Segment Start: Data for analysis

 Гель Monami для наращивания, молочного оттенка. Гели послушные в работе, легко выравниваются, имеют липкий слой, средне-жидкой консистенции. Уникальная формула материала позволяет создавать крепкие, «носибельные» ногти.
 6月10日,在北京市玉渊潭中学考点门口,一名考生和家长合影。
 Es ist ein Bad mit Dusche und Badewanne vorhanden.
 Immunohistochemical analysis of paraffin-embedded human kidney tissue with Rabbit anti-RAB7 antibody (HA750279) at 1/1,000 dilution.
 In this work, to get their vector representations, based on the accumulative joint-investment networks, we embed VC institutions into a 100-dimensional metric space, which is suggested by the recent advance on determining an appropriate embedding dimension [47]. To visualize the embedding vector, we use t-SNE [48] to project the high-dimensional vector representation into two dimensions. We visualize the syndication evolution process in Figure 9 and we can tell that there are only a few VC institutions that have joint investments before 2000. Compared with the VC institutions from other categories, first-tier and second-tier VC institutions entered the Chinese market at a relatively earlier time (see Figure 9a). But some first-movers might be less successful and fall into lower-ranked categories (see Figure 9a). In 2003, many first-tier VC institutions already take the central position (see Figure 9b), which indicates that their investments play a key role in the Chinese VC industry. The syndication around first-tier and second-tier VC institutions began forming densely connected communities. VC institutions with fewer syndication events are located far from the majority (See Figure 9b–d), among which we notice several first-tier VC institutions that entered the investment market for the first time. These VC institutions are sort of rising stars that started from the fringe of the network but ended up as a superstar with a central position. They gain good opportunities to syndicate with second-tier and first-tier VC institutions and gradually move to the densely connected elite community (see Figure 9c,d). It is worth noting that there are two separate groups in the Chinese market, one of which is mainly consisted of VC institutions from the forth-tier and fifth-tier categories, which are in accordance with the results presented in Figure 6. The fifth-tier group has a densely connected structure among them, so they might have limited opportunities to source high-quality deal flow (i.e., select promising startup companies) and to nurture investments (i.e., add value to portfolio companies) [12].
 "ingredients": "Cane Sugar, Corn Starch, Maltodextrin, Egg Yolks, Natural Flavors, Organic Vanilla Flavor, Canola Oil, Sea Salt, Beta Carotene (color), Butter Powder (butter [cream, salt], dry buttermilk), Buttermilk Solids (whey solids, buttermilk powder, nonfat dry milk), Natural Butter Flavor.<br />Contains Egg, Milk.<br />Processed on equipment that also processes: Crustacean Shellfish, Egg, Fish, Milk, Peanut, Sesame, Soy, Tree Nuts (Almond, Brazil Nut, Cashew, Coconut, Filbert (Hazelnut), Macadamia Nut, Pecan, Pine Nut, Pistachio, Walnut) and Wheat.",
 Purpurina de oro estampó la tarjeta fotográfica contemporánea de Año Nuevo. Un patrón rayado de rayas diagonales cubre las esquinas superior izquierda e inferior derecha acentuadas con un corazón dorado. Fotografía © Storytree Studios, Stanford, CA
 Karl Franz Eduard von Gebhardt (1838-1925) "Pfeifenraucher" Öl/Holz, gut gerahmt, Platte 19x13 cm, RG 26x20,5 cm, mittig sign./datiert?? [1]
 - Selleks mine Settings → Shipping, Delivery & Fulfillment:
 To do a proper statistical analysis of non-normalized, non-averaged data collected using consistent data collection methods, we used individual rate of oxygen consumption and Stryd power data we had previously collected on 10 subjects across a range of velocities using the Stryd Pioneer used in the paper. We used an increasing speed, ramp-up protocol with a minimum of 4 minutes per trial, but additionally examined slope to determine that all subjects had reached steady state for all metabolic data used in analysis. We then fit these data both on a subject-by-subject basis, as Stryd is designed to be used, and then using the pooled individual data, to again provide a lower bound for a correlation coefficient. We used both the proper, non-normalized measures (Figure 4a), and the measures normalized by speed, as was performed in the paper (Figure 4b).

Segment End: Data for analysis

→ Work to complete: Give the data again, exactly.

→ Your solution:
 Гель Monami для наращивания, молочного оттенка. Гели послушные в работе, легко выравниваются, имеют липкий слой, средне-жидкой консистенции. Уникальная формула материала позволяет создавать крепкие, «носибельные» ногти.
 6月10日,在北京市玉渊潭中学考点门口,一名考生和家长合影。
 Es ist ein Bad mit Dusche und Badewanne vorhanden.
 Immunohistochemical analysis of paraffin-embedded human kidney tissue with Rabbit anti-RAB7 antibody (HA750279) at 1/1,000 dilution.
 In this work, to get their vector representations, based on the accumulative joint-investment networks, we embed VC institutions into a 100-dimensional metric space, which is suggested by the recent advance on determining an appropriate embedding dimension [47]. To visualize the embedding vector, we use t-SNE [48] to project the high-dimensional vector representation into two dimensions. We visualize the syndication evolution process in Figure 9 and we can tell that there are only a few VC institutions that have joint investments before 2000. Compared with the VC institutions from other categories, first-tier and second-tier VC institutions entered the Chinese market at a relatively earlier time (see Figure 9a). But some first-movers might be less successful and fall into lower-ranked categories (see Figure 9a). In 2003, many first-tier VC institutions already take the central position (see Figure 9b), which indicates that their investments play a key role in the Chinese VC industry. The syndication around first-tier and second-tier VC institutions began forming densely connected communities. VC institutions with fewer syndication events are located far from the majority (See Figure 9b–d), among which we notice several first-tier VC institutions that entered the investment market for the first time. These VC institutions are sort of rising stars that started from the fringe of the network but ended up as a superstar with a central position. They gain good opportunities to syndicate with second-tier and first-tier VC institutions and gradually move to the densely connected elite community (see Figure 9c,d). It is worth noting that there are two separate groups in the Chinese market, one of which is mainly consisted of VC institutions from the forth-tier and fifth-tier categories, which are in accordance with the results presented in Figure 6. The fifth-tier group has a densely connected structure among them, so they might have limited opportunities to source high-quality deal flow (i.e., select promising startup companies) and to nurture investments (i.e., add value to portfolio companies) [12].
 "ingredients": "Cane Sugar, Corn Starch, Maltodextrin, Egg Yolks, Natural Flavors, Organic Vanilla Flavor, Canola Oil, Sea Salt, Beta Carotene (color), Butter Powder (butter [cream, salt], dry buttermilk), Buttermilk Solids (whey solids, buttermilk powder, nonfat dry milk), Natural Butter Flavor.<br />Contains Egg, Milk.<br />Processed on equipment that also processes: Crustacean Shellfish, Egg, Fish, Milk, Peanut, Sesame, Soy, Tree Nuts (Almond, Brazil Nut, Cashew, Coconut, Filbert (Hazelnut), Macadamia Nut, Pecan, Pine Nut, Pistachio, Walnut) and Wheat.",
 Purpurina de oro estampó la tarjeta fotográfica contemporánea de Año Nuevo. Un patrón rayado de rayas diagonales cubre las esquinas superior izquierda e inferior derecha acentuadas con un corazón dorado. Fotografía © Storytree Studios, Stanford, CA
 Karl Franz Eduard von Gebhardt (1838-1925) "Pfeifenraucher" Öl/Holz, gut gerahmt, Platte 19x13 cm, RG 26x20,5 cm, mittig sign./datiert?? [1]
 - Selleks mine Settings → Shipping, Delivery & Fulfillment:
 To do a proper statistical analysis of non-normalized, non-averaged data collected using consistent data collection methods, we used individual rate of oxygen consumption and Stryd power data we had previously collected on 10 subjects across a range of velocities using the Stryd Pioneer used in the paper. We used an increasing speed, ramp-up protocol with a minimum of 4 minutes per trial, but additionally examined slope to determine that all subjects had reached steady state for all metabolic data used in analysis. We then fit these data both on a subject-by-subject basis, as Stryd is designed to be used, and then using the pooled individual data, to again provide a lower bound for a correlation coefficient. We used both the proper, non-normalized measures (Figure 4a), and the measures normalized by speed, as was performed in the paper (Figure 4b).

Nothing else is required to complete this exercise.